┌─ MATERIAL FOR THIS EXERCISE

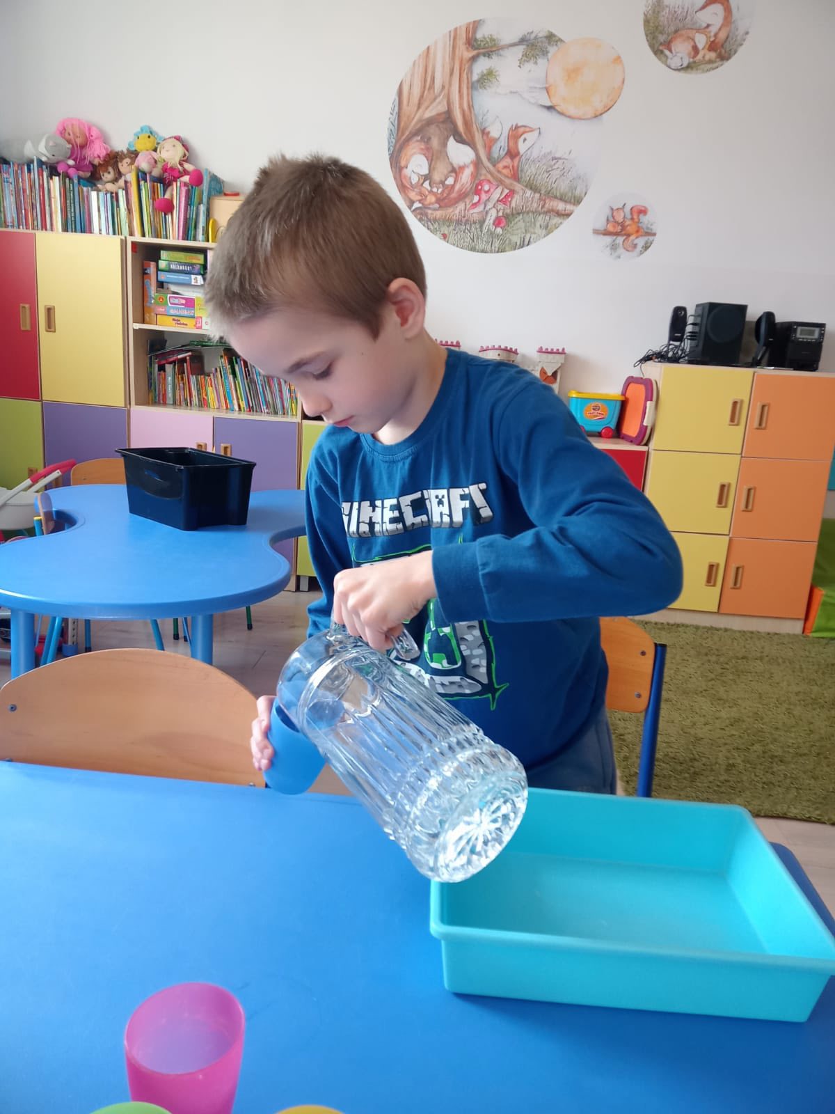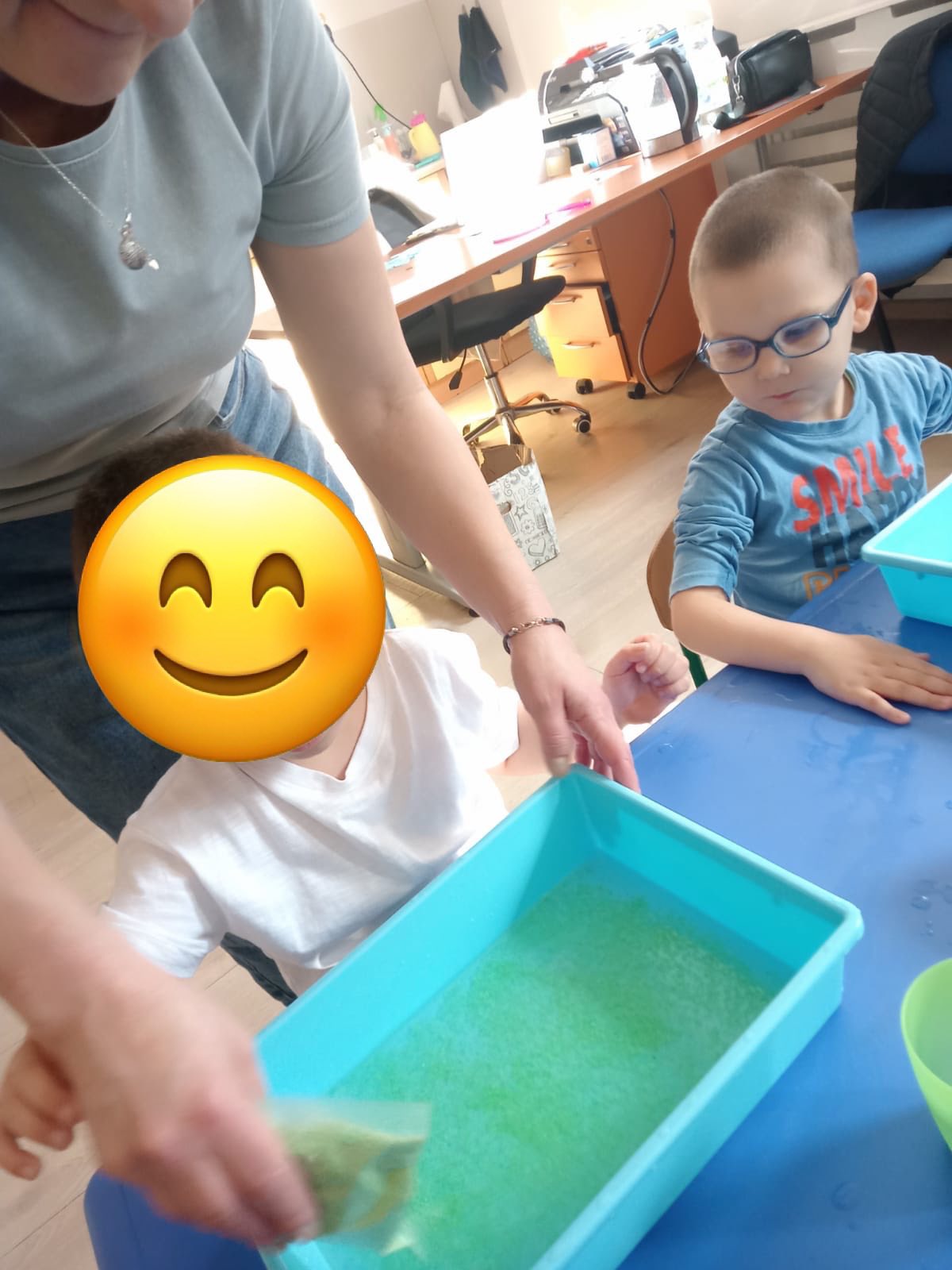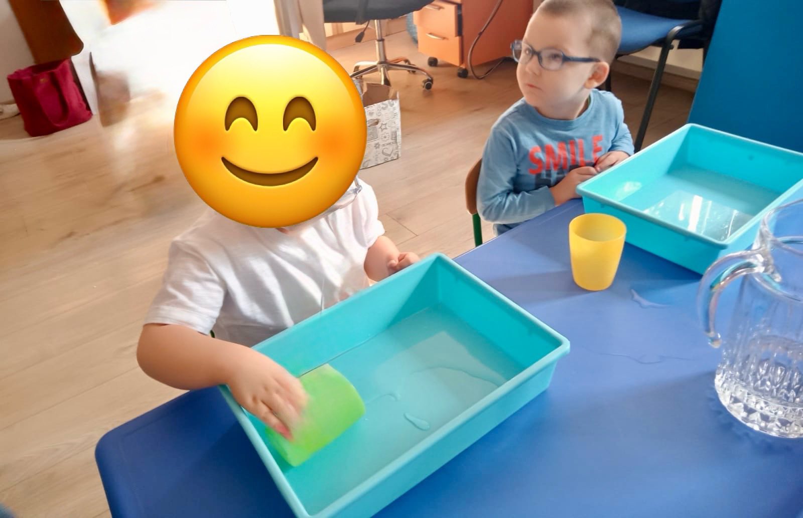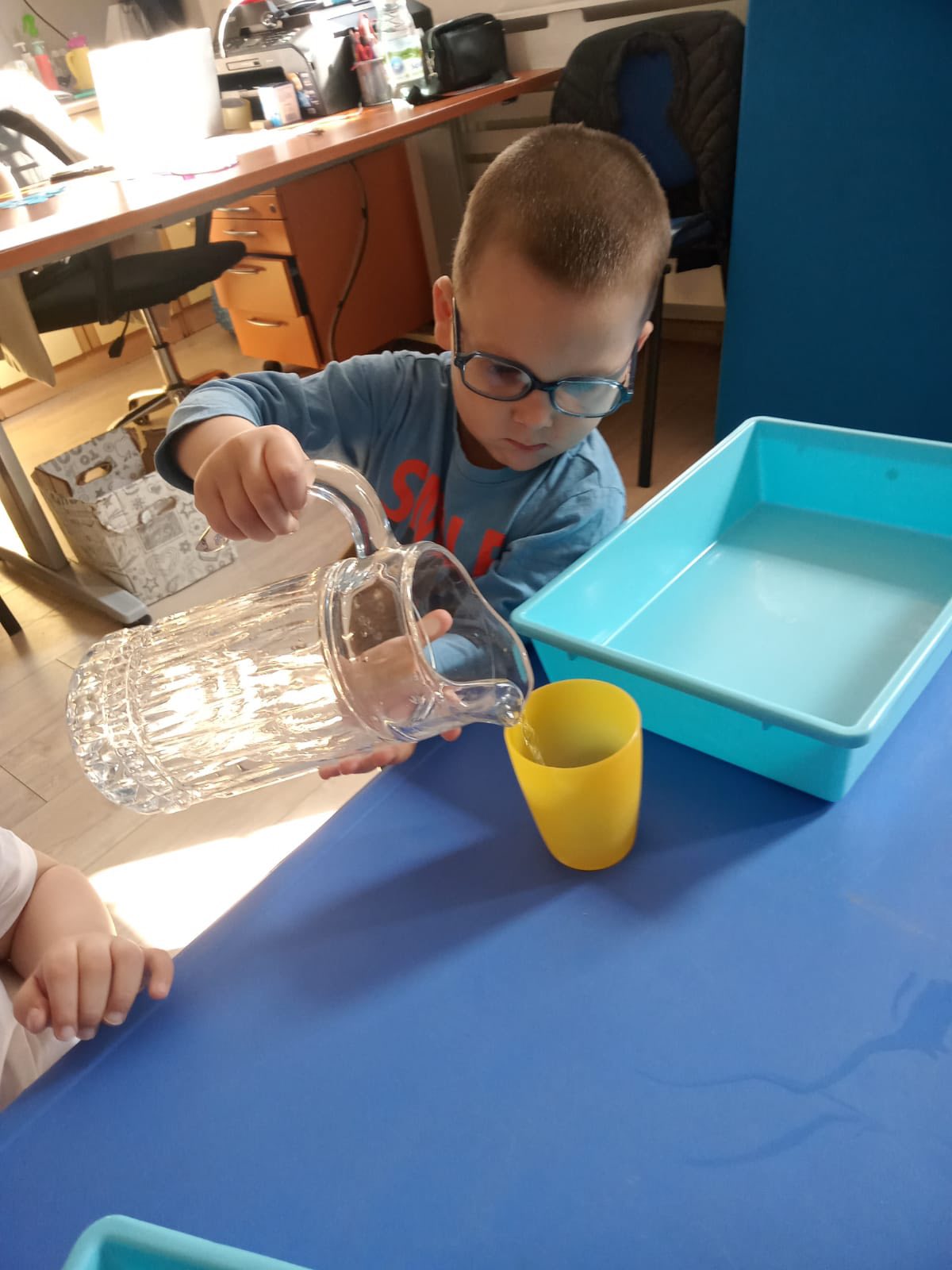 Dziś w naszym przedszkolu świętowaliśmy Światowy Dzień Wody, zamieniając sale w małe laboratoria! Dzieci odkrywały fascynujące stany skupienia, sprawdzając, jak lód zmienia się w ciecz, a gorąca woda w parę. Nie zabrakło też radosnych zabaw badawczych i eksperymentów, które nauczyły nas, jak wielkim skarbem jest każda kropla.
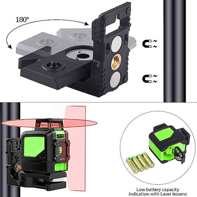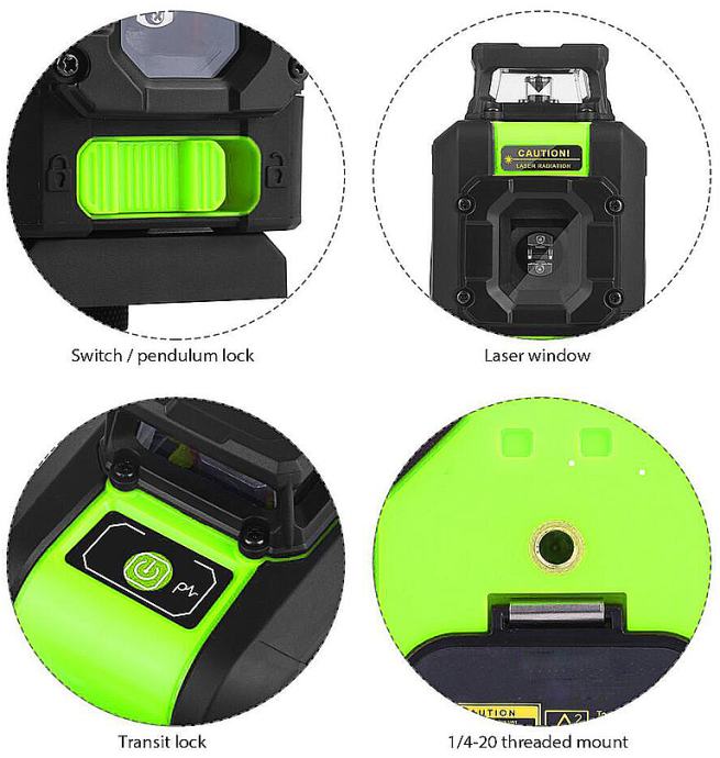 uključi na crveni gumb 0/1( pojavljuju se laserske zraka), otključaj nivelator na zeleni gumbu sa prednje strane ( u koliko se ne otključa laser če žmirkati svake 3 sekunde), kada se otključa laser se automatski nivelira. U koliko laser nije u dozvoljenim mjerama tolerancije za vagu javlja se žmirkanje lasera svake sekunde. može se uključiti svaka zraka posebno ili sve tri zajedno stiskanje gumba za paljenje
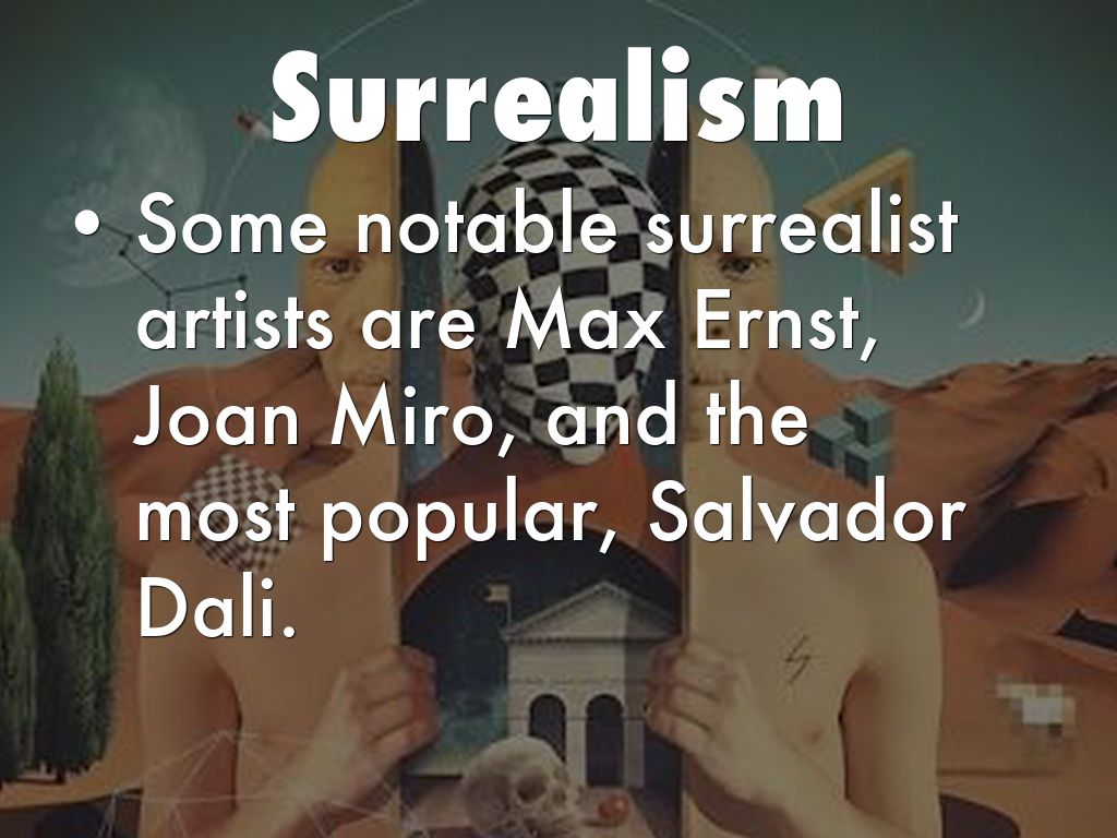 • Some notable surrealist artists are Max Ernst, Joan Miro, and the most popular, Salvador Dali.
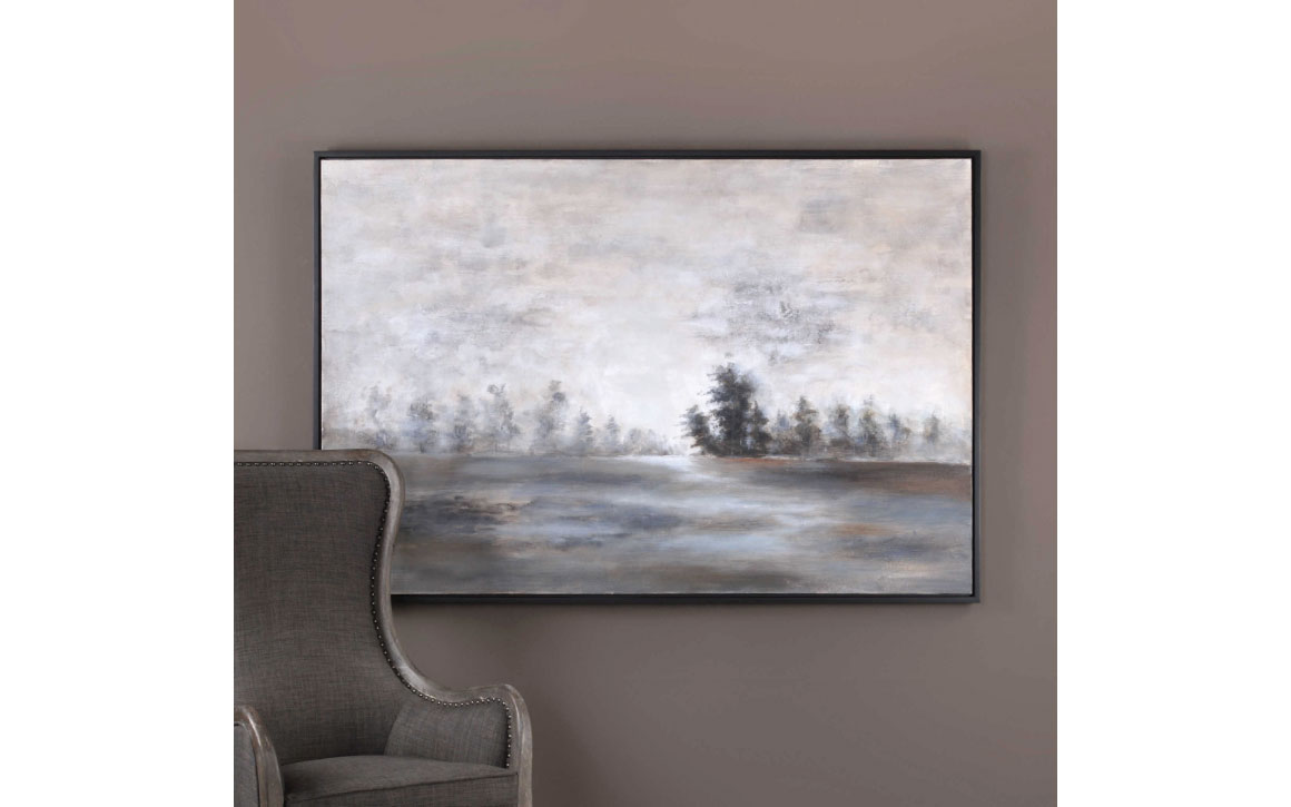 The Evening Mist Hand-Painted Canvas by Uttermost hung on a grey wall.
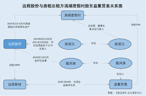此次定增,远程股份在其募集说明书披露,2025年3月-6月,其向滆湖度假村承租房产。官宣显示陈祖元系滆湖度假村总经理。而回溯历史,远程股份上市前曾持有滆湖度假村10%的股权。且同名的“陈祖元”曾在2019-2021年任远程股份子公司宜兴远辉负责人。滆湖度假村的股东益聚贸易的实控人为殷凤保,与远程股份原监事同名。而2020-2024年,远程股份子公司远程新材与益聚贸易共用联系电话,或上演经营混淆异象。
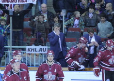 “Dinamo Rīga” trenera Sanda Ozoliņa emocijas spēlē ar Pekinas “Kuņluņ Red Star” 2016. gada 8. novembrī Arēnā Rīga.

└─

▶ **TASK TO CARRY OUT**: Drop the pictures; return the lines above from the line containing "popular, Salvador Dali." to the line containing "此次定增,远程股份在其募集说", both included, exactly.

▶ **YOUR SOLUTION**:
 • Some notable surrealist artists are Max Ernst, Joan Miro, and the most popular, Salvador Dali.
 The Evening Mist Hand-Painted Canvas by Uttermost hung on a grey wall.
此次定增,远程股份在其募集说明书披露,2025年3月-6月,其向滆湖度假村承租房产。官宣显示陈祖元系滆湖度假村总经理。而回溯历史,远程股份上市前曾持有滆湖度假村10%的股权。且同名的“陈祖元”曾在2019-2021年任远程股份子公司宜兴远辉负责人。滆湖度假村的股东益聚贸易的实控人为殷凤保,与远程股份原监事同名。而2020-2024年,远程股份子公司远程新材与益聚贸易共用联系电话,或上演经营混淆异象。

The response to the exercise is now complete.